_Given material_
----------

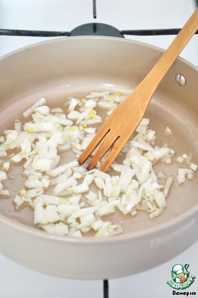 Репчатый лук мелко нарезать кубиками, обжарить в оливковом масле до золотистого цвета.
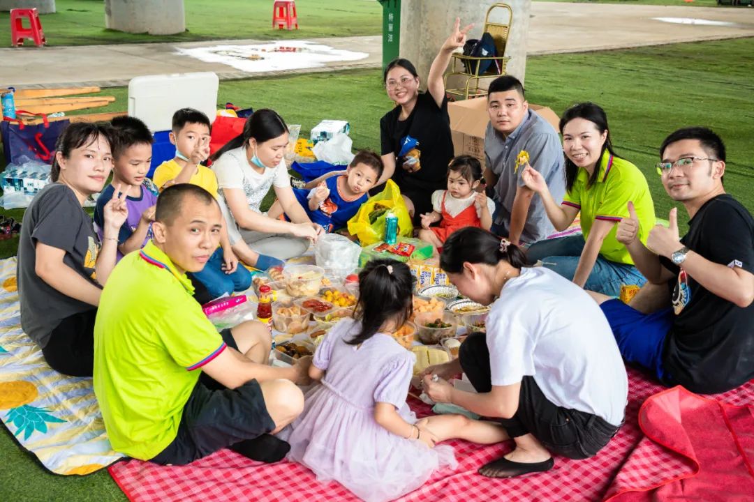 短暫的歇息后,隨著工作人員的召集,家長朋友迅速分好隊伍,開始布置野餐場地和準備食物。戶外野餐能感受別樣快樂的同時也培養了孩子們勞動、自理能力。在白云與草坪下,孩子們參與其中,樂不思蜀。
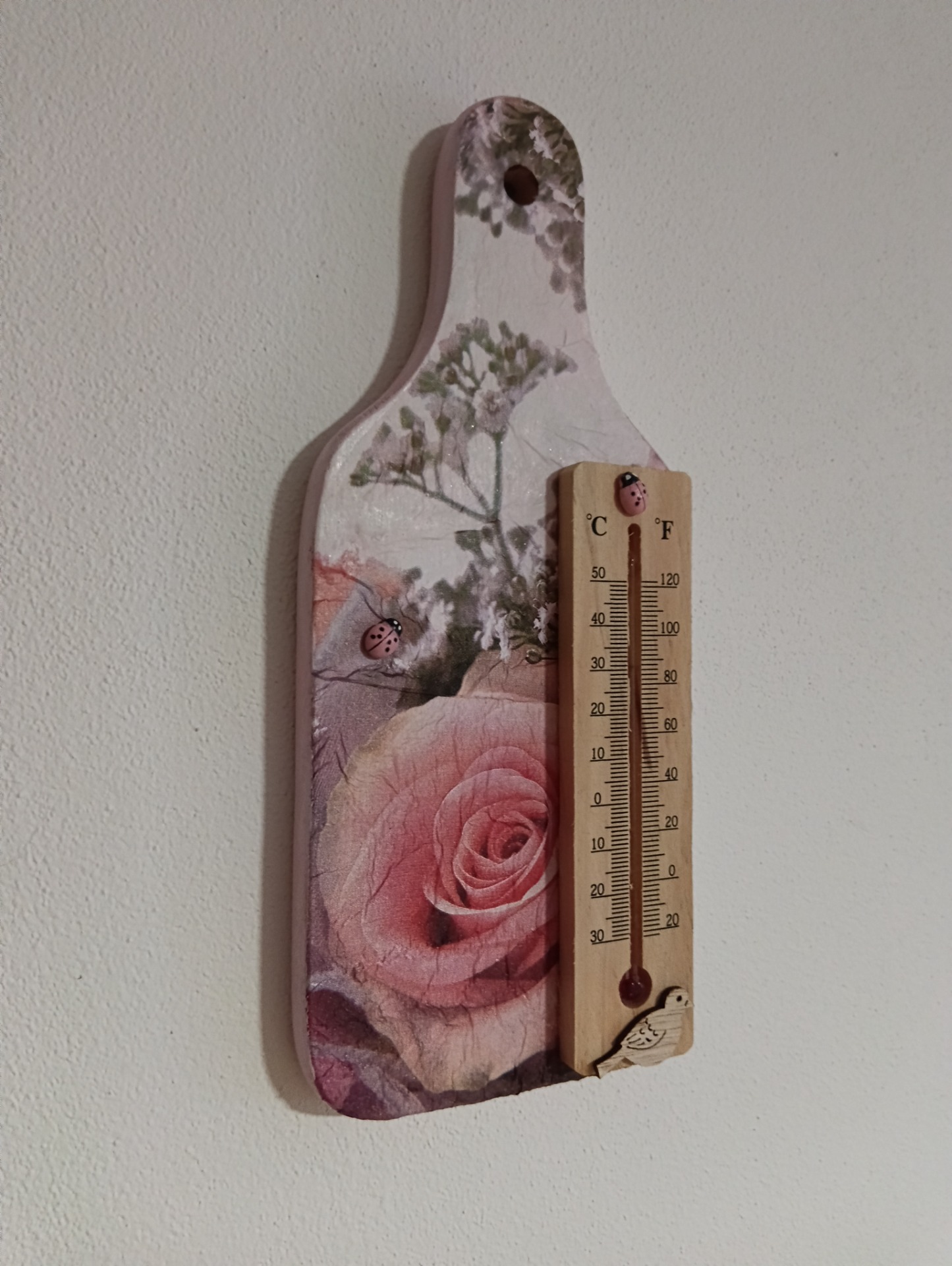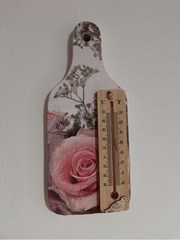 Dřevěné dekorované prkénko k zavěšení s teploměrem.Autorský výrobek z naší dílny.Praktický a krásný dárek pro Vás nebo Vaše blízké.
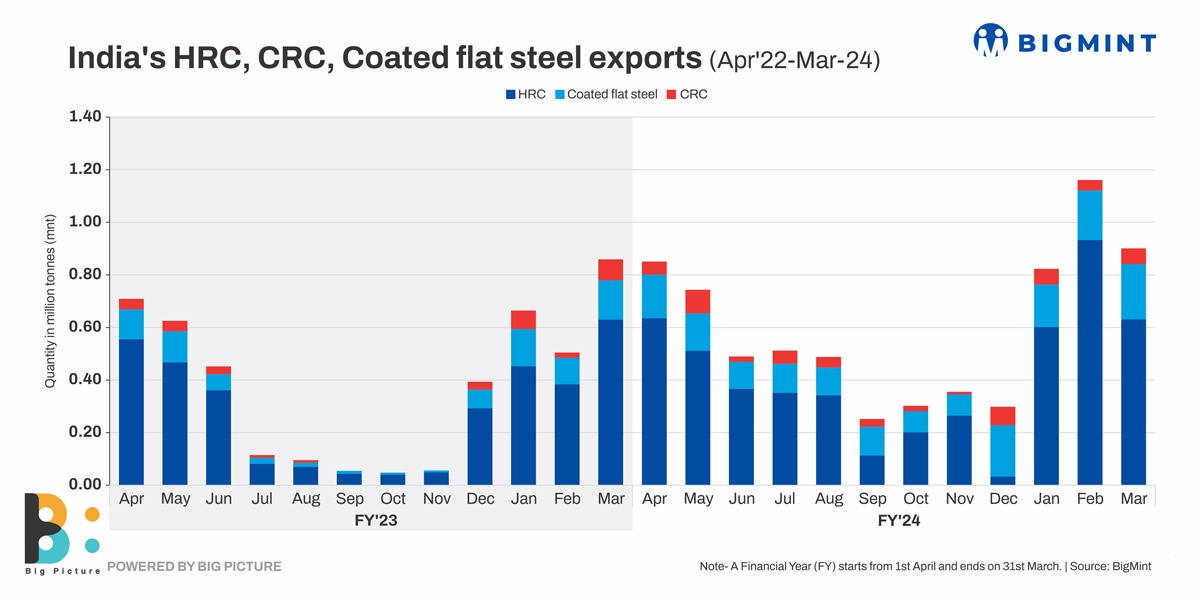 HRC production increased 6% to 14 million tonnes (mnt) in Q1 (January-March, 2024) against 13 mnt in Q4CY’23 (October-December) and 13% from 12.55 mnt in Q1CY’23. This was mainly on account of increased supplies in the market. NMDC’s Nagarnar Steel Plant starting commercial production from late last year while JSPL commissioned its 5.5 mntpa hot strip mill at Angul. But demand lagged behind supply which pressured down prices. Tier-1 mills, challenged by the triple whammy of low domestic and overseas demand and excess supply, eventually resorted to maintenance shutdowns. Some put their hot strip mills (HSMs) on maintenance shutdown to reduce HRC production especially from April. This impacted availability of the base material for cold rolling and led to tighter CRC supply. This, in turn, kept CRC prices supported with a marginal m-o-m drop. Higher HRC diversion for CRC downstream use: Mills also resorted to diverting their HRCs towards coated flat steel production in-house, and this averaged an astounding around 90%. Downstream CRC utilisation averaged 8.83 mnt in January-March 2024 against 7.98 mnt in Q4CY’23 and 7.52 mnt in Q1CY’23. Naturally, saddled with HRC inventory, mills evolved a good way to utilise the same. This also kept CRC prices propped-up especially since galvanised exports rose q-o-q to 667,000 t in Q1 against 323,000 tonnes in October-December 2023.

----------

Exactly restate the lines from the beginning of the data through the line with "短暫的歇息后,隨著工作人員的", and no others, keeping pictures out.

 Репчатый лук мелко нарезать кубиками, обжарить в оливковом масле до золотистого цвета.
 短暫的歇息后,隨著工作人員的召集,家長朋友迅速分好隊伍,開始布置野餐場地和準備食物。戶外野餐能感受別樣快樂的同時也培養了孩子們勞動、自理能力。在白云與草坪下,孩子們參與其中,樂不思蜀。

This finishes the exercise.